Si se compara el coste de una implantación de Cuadro de Mandos con el de personal necesario para obtener la misma información se tiene un ROI de muy pocos meses, con la diferencia de que el Cuadro de Mandos proporciona la información en tiempo real y la que prepara el personal propio tarda unos días.

Muchas empresas calculan sus costes según los datos contables que se van generando y no deja de ser cierto que los datos de contabilidad son exactos, pero no es menos cierto que no son datos precisos.

Es fácil sumar todos los costes de la empresa, dividirlos por los kilos vendidos y calcular el coste por kilo. El problema es que se obtienen datos medios. Si el coste medio es más bajo que el precio medio de venta, la empresa debe ganar dinero.

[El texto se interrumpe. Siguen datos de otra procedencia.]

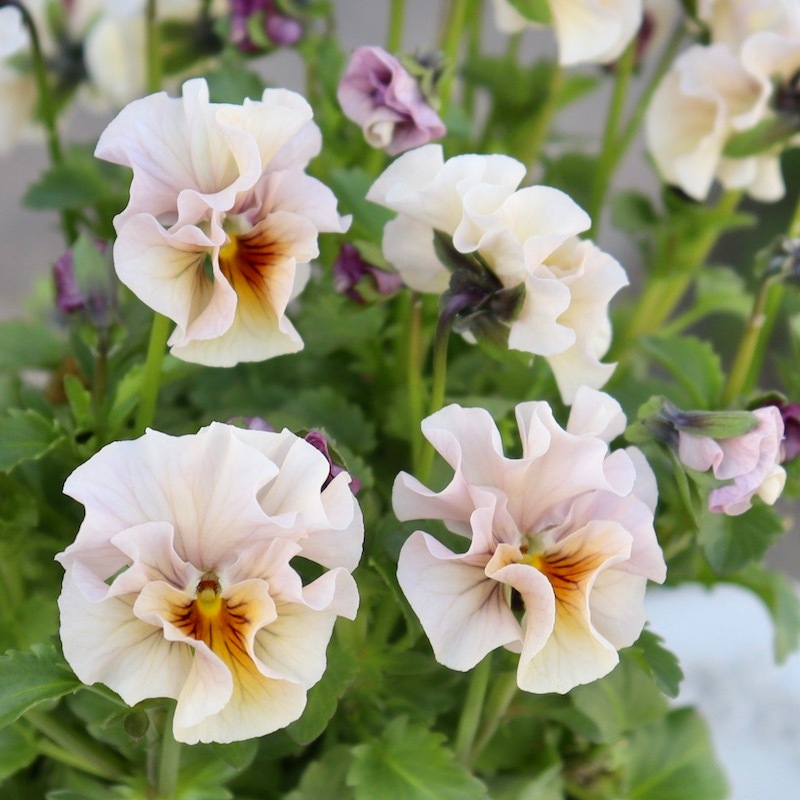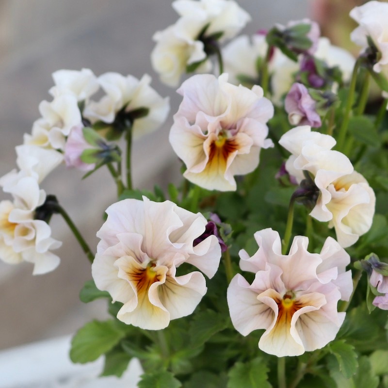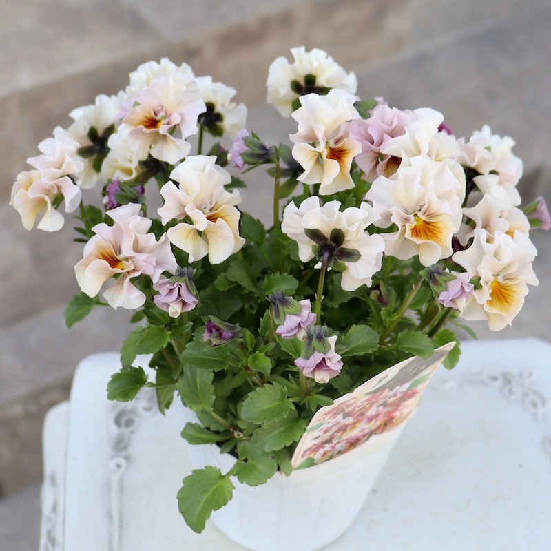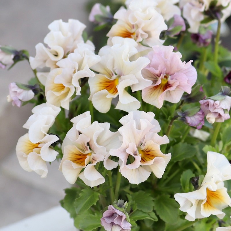 風散歩で扱うビオラの代表選手 「パピヨンワールド」をはじめ、キュートな色、フリフリの数々のパンジービオラを生み出された高知の植田さんのプレミアムな大人気品種です。

En los tiempos actuales la rentabilidad hay que medirla venta a venta, ya que la concentración en la demanda ajusta mucho los precios de venta, por lo que 1 céntimo de € arriba o abajo puede suponer vender el producto o no venderlo, ganar ese céntimo o perderlo. Y si esos márgenes insignificantes se multiplican por millones de kilos al final suponen la viabilidad (o no) de la empresa. La empresa debe tener mejores herramientas que la competencia para estar en ventaja a la hora de negociar con los clientes.

Dicho esto, toca ofrecer una solución que pasa por tratar de tener más precisión y rapidez en los datos. Para evitar esta situación que describimos la mejor herramienta a utilizar es el Cuadro de Mandos, pues proporciona la información de manera más ágil y precisa, permitiendo saber en qué se gana y en qué se pierde. Junto a ello, hace posible también analizar los costes venta a venta y producto a producto, dando una visión precisa y exacta.

La información debe estar a disposición de la empresa y no de los individuos: una empresa en la que cada persona controla una parte de la información y sólo él sabe cómo manejarla y obtenerla es un peligro para la empresa, bien porque pueda causar distorsión en la información, bien porque esa persona cambie de puesto. Con un Cuadro de Mandos se consigue que la información esté en un lugar único a disposición de todo el mundo y con una forma muy clara y definida de acceso y calculo de la misma.